While running excercises with my unit, the biggest threat was not tanks or airstrikes, it was not getting supplies in time, or having them dropped in the wrong place, or not being relieved in time.  The extra storage and load capabilities of this system would give paras that extra days worth of ammo, grenades and water they might need to hold out.


----------



## Rory (9 Jun 2006)

Your suppose to just ditch these things in the field once you land? I mean wouldn't be reasonable if you jump behind the enemy lines and carry it with you.


----------



## Bobbyoreo (9 Jun 2006)

I think these were only meant for SF roles....As per the articles.


----------



## AJFitzpatrick (9 Jun 2006)

Seeing this I first I thought it was dealing with hang-gliders. Have hang-gliders ever been considered for a military role?


----------



## K_Johnston (11 Jun 2006)

These wings may be developed for special units, but they may be better suited to a standard airborne unit to increase its range and decreas the risk to planes.  Standard units wouldnt have to worry that much about hiding them.  A special forces soldier would have to hide them or carry them....and it doesnt look all that easy to do either.


----------



## Lumber (11 Jun 2006)

Probably going to be very expensive, hence being reserved for SF roles. But wouldn't a six foot wing show up on radar?


----------



## George Wallace (11 Jun 2006)

K_Johnston said:
			
		

> These wings may be developed for special units, but they may be better suited to a standard airborne unit to increase its range and decreas the risk to planes.  Standard units wouldnt have to worry that much about hiding them.  A special forces soldier would have to hide them or carry them....and it doesnt look all that easy to do either.



That statement deserves a great big  ???


----------



## Lumber (11 Jun 2006)

George Wallace said:
			
		

> That statement deserves a great big  ???
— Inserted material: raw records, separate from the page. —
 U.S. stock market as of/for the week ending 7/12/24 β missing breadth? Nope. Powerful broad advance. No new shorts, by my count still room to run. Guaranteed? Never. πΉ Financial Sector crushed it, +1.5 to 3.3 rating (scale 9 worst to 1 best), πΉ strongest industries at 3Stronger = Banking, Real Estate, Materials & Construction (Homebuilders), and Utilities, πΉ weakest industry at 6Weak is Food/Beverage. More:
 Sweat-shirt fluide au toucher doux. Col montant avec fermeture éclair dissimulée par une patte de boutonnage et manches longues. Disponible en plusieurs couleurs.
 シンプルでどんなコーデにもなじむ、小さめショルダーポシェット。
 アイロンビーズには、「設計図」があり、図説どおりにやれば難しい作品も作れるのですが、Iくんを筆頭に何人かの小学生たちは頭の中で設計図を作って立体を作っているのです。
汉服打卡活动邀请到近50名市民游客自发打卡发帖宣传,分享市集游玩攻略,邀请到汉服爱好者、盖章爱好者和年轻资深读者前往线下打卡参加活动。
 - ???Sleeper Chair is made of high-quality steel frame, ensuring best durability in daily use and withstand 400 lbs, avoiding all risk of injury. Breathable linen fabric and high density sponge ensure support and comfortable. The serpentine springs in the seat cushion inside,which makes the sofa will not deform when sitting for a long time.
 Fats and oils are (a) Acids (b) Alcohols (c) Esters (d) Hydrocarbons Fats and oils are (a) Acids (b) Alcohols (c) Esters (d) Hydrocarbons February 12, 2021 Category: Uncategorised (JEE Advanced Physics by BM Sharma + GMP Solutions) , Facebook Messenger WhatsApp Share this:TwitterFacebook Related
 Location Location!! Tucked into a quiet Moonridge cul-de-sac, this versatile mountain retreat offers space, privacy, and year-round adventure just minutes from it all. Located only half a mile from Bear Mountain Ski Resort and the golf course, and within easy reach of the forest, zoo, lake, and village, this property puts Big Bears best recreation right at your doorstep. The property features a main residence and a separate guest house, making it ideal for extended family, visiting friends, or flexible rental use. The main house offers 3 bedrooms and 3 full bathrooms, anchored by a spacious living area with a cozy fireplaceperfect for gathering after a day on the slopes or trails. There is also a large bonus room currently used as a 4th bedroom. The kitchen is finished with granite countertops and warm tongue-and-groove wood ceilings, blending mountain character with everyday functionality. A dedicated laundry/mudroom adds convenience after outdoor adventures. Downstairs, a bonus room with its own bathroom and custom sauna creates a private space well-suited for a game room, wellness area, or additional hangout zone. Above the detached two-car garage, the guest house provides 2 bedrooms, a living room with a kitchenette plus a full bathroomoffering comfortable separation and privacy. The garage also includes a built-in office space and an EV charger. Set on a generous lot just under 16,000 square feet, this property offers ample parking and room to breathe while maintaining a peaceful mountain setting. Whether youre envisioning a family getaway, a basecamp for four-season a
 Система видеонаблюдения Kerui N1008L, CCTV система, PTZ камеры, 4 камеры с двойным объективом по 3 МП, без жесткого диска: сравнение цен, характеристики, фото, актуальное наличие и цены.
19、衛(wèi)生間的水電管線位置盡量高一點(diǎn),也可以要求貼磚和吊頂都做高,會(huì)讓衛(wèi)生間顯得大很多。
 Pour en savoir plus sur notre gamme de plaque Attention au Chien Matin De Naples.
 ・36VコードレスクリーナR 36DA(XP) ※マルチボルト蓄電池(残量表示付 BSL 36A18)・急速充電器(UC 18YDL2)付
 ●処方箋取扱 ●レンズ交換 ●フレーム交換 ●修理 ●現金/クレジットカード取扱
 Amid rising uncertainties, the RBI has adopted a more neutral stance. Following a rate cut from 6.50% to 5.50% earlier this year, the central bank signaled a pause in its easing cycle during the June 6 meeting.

What he means is, a reg force unit probably isn't that worried about having their 'wings' discovered lying around because they will probably be an arm of a much larger attack, and will probably be making a lot of noise themselves. A special forces unit on the other hand is most likely hoping to complete their mission and get out before anyone realising that they were ever there. Having to hide a 6 footwing would then be a problem. An even bigger problem would be trying to lug it around with you!


----------



## K_Johnston (14 Jun 2006)

NCdt Lumber said:
			
		

> What he means is, a reg force unit probably isn't that worried about having their 'wings' discovered lying around because they will probably be an arm of a much larger attack, and will probably be making a lot of noise themselves. A special forces unit on the other hand is most likely hoping to complete their mission and get out before anyone realising that they were ever there. Having to hide a 6 footwing would then be a problem. An even bigger problem would be trying to lug it around with you!



Thank you, you explained it a lot better than I did.  That is exactly what I meant.


----------